Seydoni production est pour lui une manière de se reconvertir dans sa passion abandonnée en cours de chemin car n’étant pas conciliable avec les hautes fonctions occupées.

L’historique de seydoni

La naissance de Seydoni est une suite logique de l’engagement d’un homme pour sa passion de la musique.

Il a ainsi permis au groupe «Djamana percussion», d’abord que celui-ci puisse se former avec à la tête son ami et compagnon de musique Abdoulaye Cissé. Il accueillit ensuite le groupe en Suède pour une tournée qui va déboucher sur la production d’un album en 1995. C’est le premier acte majeur.

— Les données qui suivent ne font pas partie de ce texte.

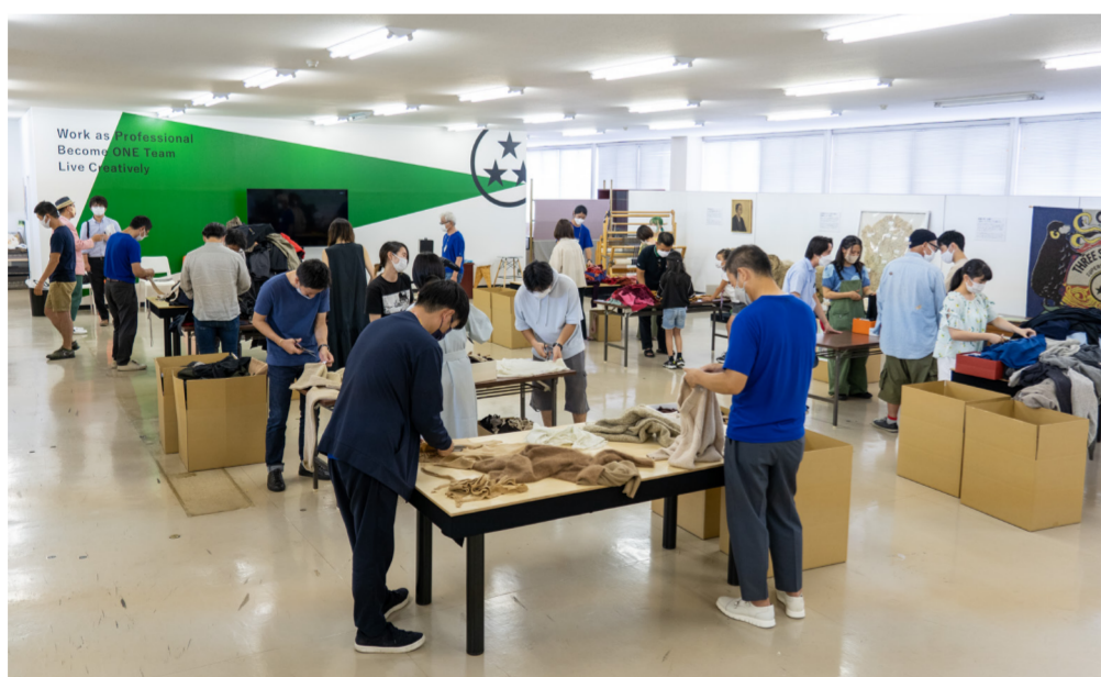
リバースウール① 回収衣料を小さく裁断

S’en suit une étude qu’il commande sur la musique burkinabè avec des étudiants suédois et des experts burkinabè. A côté il organise des spectacles. En 1997, il lance le concours national de musique moderne dont le lauréat fut feu Salaka Vins, qui à l’occasion séjourne en Suède et enregistre son album produit par le biais de son usine, CDT international dont le démembrement de la musique  projetait la création de Seydoni au Burkina.

En 1999, l’usine de Seydoni à Ouagadougou fut mise en place avec une major tout à fait complète avec une unité vidéo et unité de duplication de cassette et de CD. La toute première cassette qui en sort est l’album «Douatou» de Bill Aka Kora puis Solo Dja Kabaco, Rigobert Kaboré.

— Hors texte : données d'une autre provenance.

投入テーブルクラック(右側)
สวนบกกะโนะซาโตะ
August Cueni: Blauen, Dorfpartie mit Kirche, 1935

Près de 500 artistes vont avoir la chance de voir le jour. Il donne ainsi la chance au marché de disque d’exister. Seydoni donne une chance à Solo qui devient le tout premier musicien salarié.

L’entreprise connut une cure d’amaigrissement pendant  la crise située entre 2006 et 2011. Aujourd’hui à l’ère du numérique, les clés USB, MP3, MP4 et la vente en ligne, elle fait face au niveau défi de la musique en s’armant en conséquence.

Après 20 ans d’existence  avec un catalogue de plus de 1000 artistes produits, Saidou Richard Traoré, le PDG, père de quatre enfants et aujourd’hui à la retraite n’a qu’un seul rêve : celui de voir Seydoni dépasser les frontières de l’Afrique et accueillir au capital l’Etat et d’autres privés à l’instar des sociétés comme Universalis aux USA et Sony music.

Seydoni, c’est aujourd’hui plusieurs départements, le studio audio, studio vidéo, la production des documentaires télévisuels, des reportages et une unité de sonorisation.